Posted on 22 giugno 2024 by admin

a Professor, Dep. of Biology, Ecology and Earth Sciences, (DiBEST), Univ. of Calabria, Rende (Cosenza), Italy, caterina.gattuso@unical.it

bArchitetto ricercatore sulla storia arbëreshë, atanasio@atanasiopizzi.it

c Dep. of Chemical, Materials and Production Engineering (DICMaPI), Univ. degli studi di Napoli Federico II, Napoli, Italy, valentina.roviello@unina.it

 

Abstract

La valorizzazione dei beni culturali presenti in un determinato contesto territoriale può essere perseguita anche attraverso strumenti avanzati di catalogazione, composizione e rappresentazione delle informazioni in un dossier articolato in cui le componenti siano relazionate in modo da fare emergere ulteriori elementi caratterizzanti. Fra questi strumenti si (Sistemi Informativi Geografici). Un GIS permette di sovrapporre diversi tematismi o livelli informativi per produrre nuove informazioni e quindi dati utili per la gestione di banche dati territoriali.

In questo paper si propone un approccio metodologico, fondato sull’uso di GIS, finalizzato alla ricostruzione di scenari storici e al disegno di percorsi turistici, mettendo in risalto i beni d’interesse culturale situati in un’area.

Il lavoro propone e illustra due casi applicativi che, pur molto diversi, si prestano ad esprimere le potenzialità dell’approccio metodologico. Il primo, di tipo tangibile, consiste in  una ricerca mirata ai siti archeologici della colonia di Vulturnum, rintracciabili nel sistema fluviale della bassa pianura del fiume Volturno (Campania); il secondo caso, di tipo intangibile, è relativo alla redazione di una carta della tutela della Regione Storica Arbëreshë”.

 

Abstract

The promotion of cultural heritage present in a particular local context can be pursued through advanced tools for cataloging, composition and representation of information in a dossier articulated in which the components are related in order to bring out more distinguishing features. Among these tools (Geographic Information Systems). A GIS allows you to overlay different thematic information layers or to produce new information and therefore data for the management of territorial databases.

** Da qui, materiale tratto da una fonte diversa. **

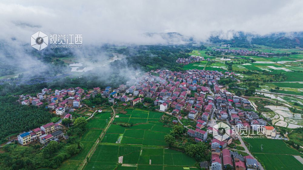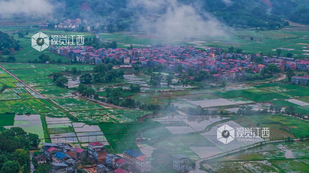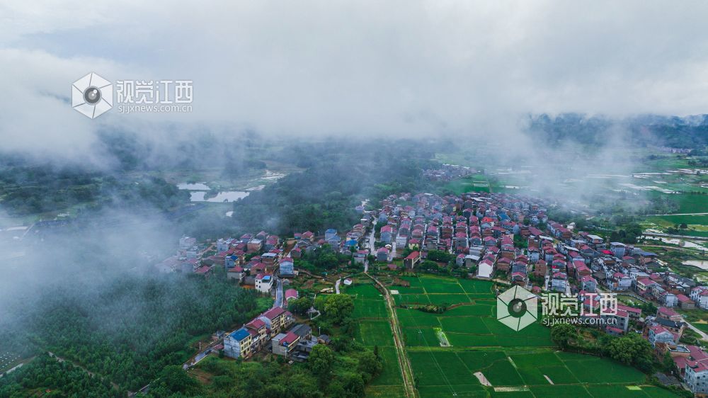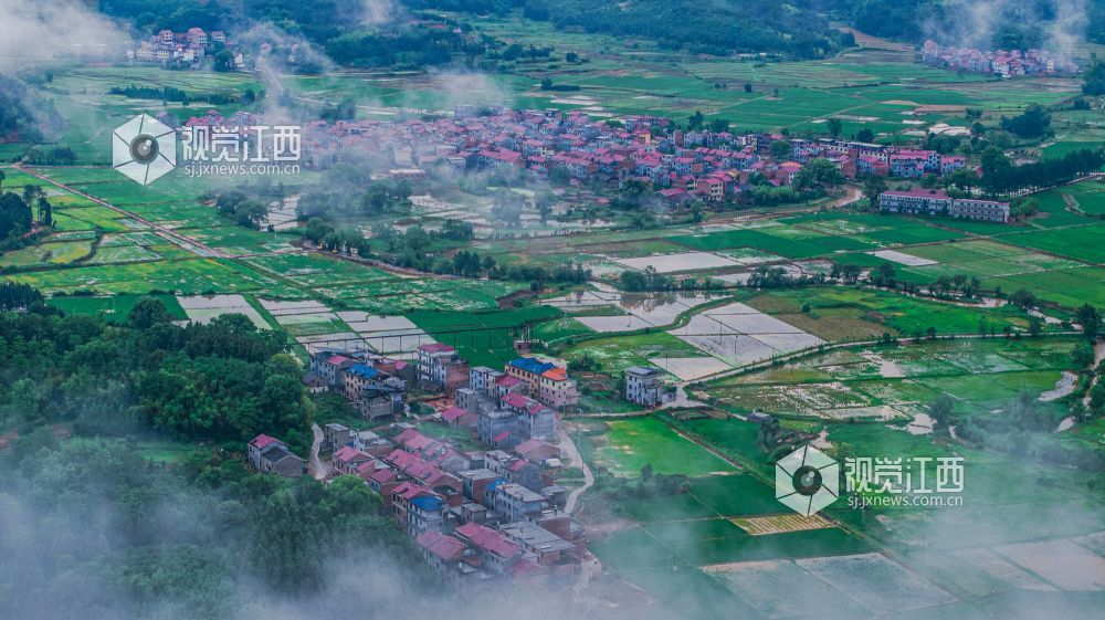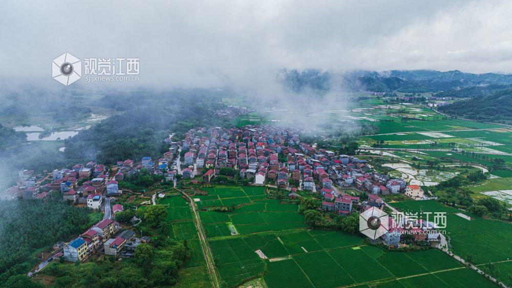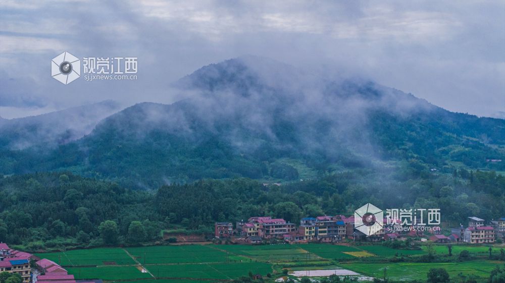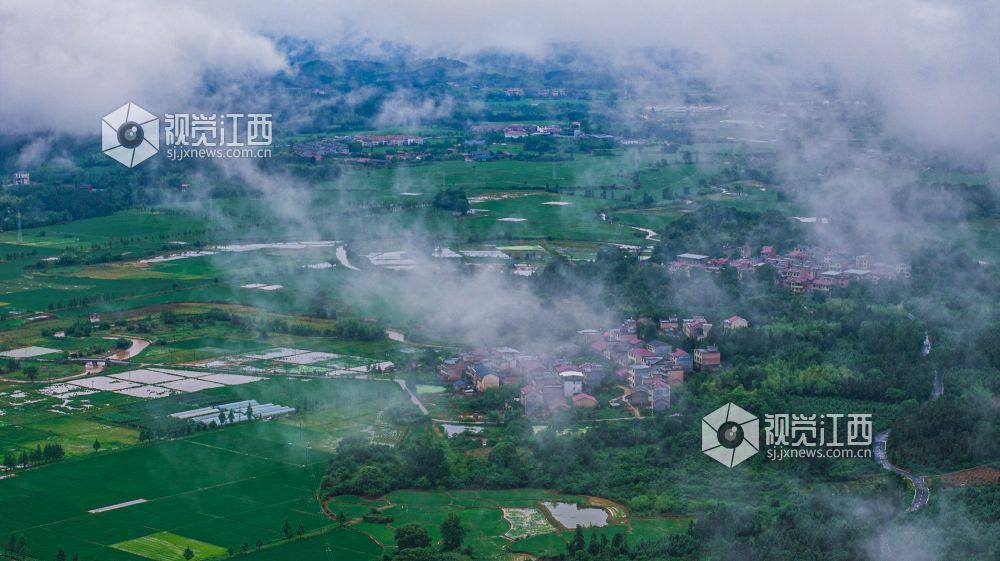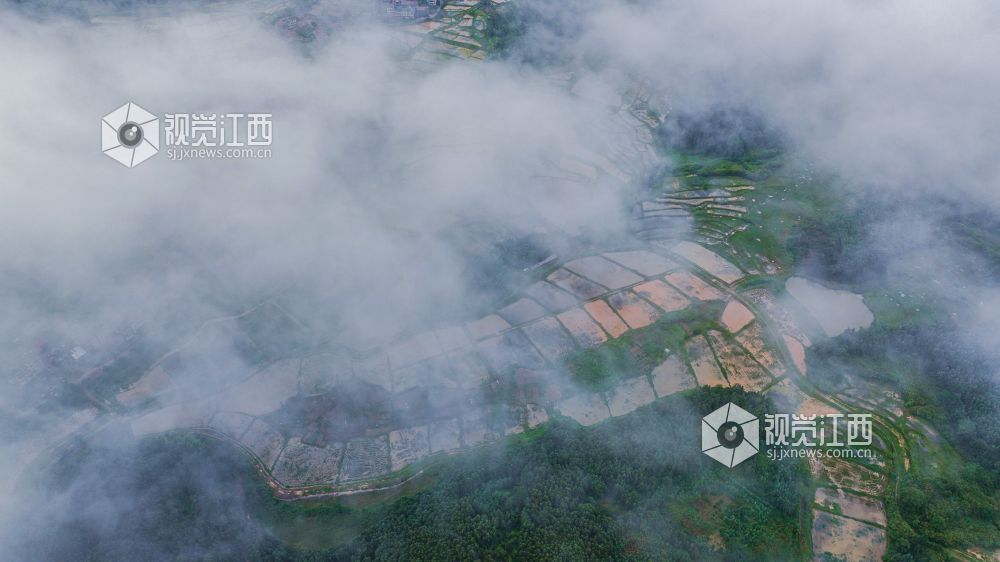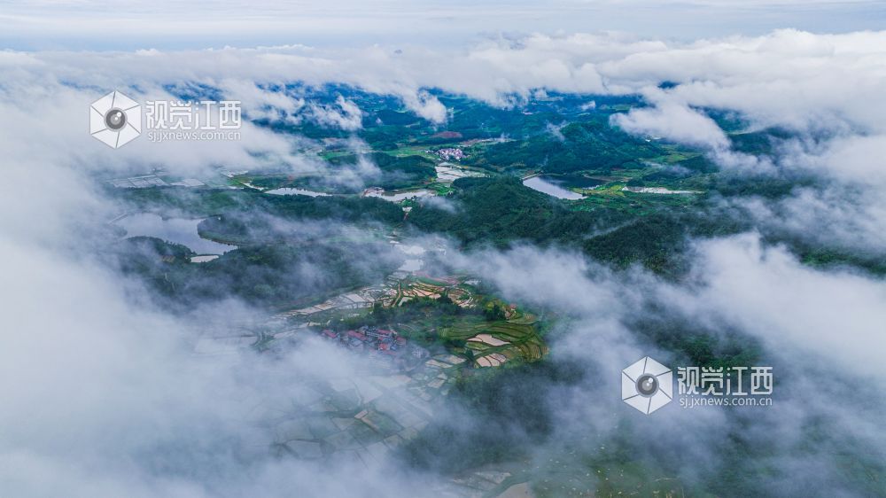 5月18日,江西省吉安市新干县麦斜镇?丘田村,一场夏雨过后,变幻的云海将村庄、梯田、山峰装扮得如梦如幻,山峦间云雾流动,蜿蜒的山间道路和层层叠叠的梯田在云雾中若隐若现,构成一幅幅美丽的乡村画卷。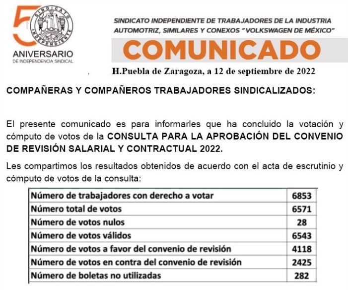 Mundo Nuestro. A la tercera ganó el voto por la aceptación. Dos rechazos previos, los días 5 y 31 de agosto, mantenían abierta la posibilidad de huelga. Esta vez el voto fue contundente, 4,118 votos contra 2,425 y 28 votos nulos de un total de 6571 votos emitidos.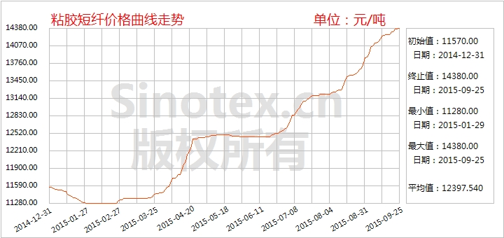 【錦橋紡織網(wǎng)專稿】2015年9月,粘膠短纖行情繼續(xù)處于上升通道。由于供需持續(xù)改善,自2015年3月以來粘膠短纖行業(yè)景氣度持續(xù)提升,在化纖產(chǎn)品普跌的蕭條氛圍中逆市上揚,一枝獨秀。進入9月,粘膠廠家前期訂單仍舊普遍較為充裕,供應(yīng)發(fā)貨長期偏緊,心態(tài)穩(wěn)中偏多,價格執(zhí)行到位,市場成交重心持續(xù)上移;加之上游漿粕價格持續(xù)拉漲的支撐,下游人棉紗買漲不買跌,價格小幅跟漲。截至9月25日,1.5Dx38mm粘膠短纖市場均價累計上漲600元,漲幅4.35%,月末運行在14380元/噸,價格高于同期中國棉花價格指數(shù)CCindex328現(xiàn)貨價格1324元/噸,棉粘價格倒掛,并且價差較上月繼續(xù)擴大1242元。中端主流報價至14500-146000元/噸,高端報價至14600-14700元/噸;實際成交重心跟隨走高,中端主流商談重心在14400元/噸,高端成交重心在14600-14700元/噸。部分新投產(chǎn)廠家報價也有一定跟進,商談成交多在14200元/噸水平。第三季度以來,1.5Dx38mm粘膠短纖市場均價累計上漲1820元,漲幅14.49%。國慶假期臨近,關(guān)注下游紗布備貨進展、放假情況以及部分粘膠廠家生產(chǎn)恢復(fù)進展。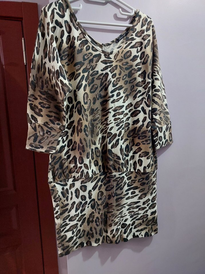 Yumuşak yün kumaştan, leopar desenli, V yakalı, uzun kollu, salaş kesim midi boy tunik. Drapeli tasarımıyla rahat ve şık bir seçenek.

In this paper we propose a methodological approach, based on the use of GIS, aimed at the reconstruction of historical scenarios and to design tourist routes, highlighting the cultural interest located in the area.

The paper proposes and illustrates two case studies which, though very different, are suitable to express the potential of the methodology. The first, of a tangible, consists of a targeted search of the archaeological sites of the colony Vulturnum, traceable in the river system of the lowlands of the river Volturno (Campania); the second case, an intangible one, is related to the drafting of a charter for the protection of Region Historical Arbëresh “.

 

Parole chiave: GIS, Beni culturali tangibili, Beni culturali intangibili

Keywords: GIS tangible cultural heritage, intangible cultural heritage

 

  1. Introduzione

Nel relazionare informazioni e dati reali, espressi sotto forma di simboli, riguardanti un luogo geografico riportato su mappe in scala, la cartografia offre la possibilità di operare specifiche elaborazioni a fini conoscitivi, che possono estendersi non solo nello spazio, ma anche nel tempo.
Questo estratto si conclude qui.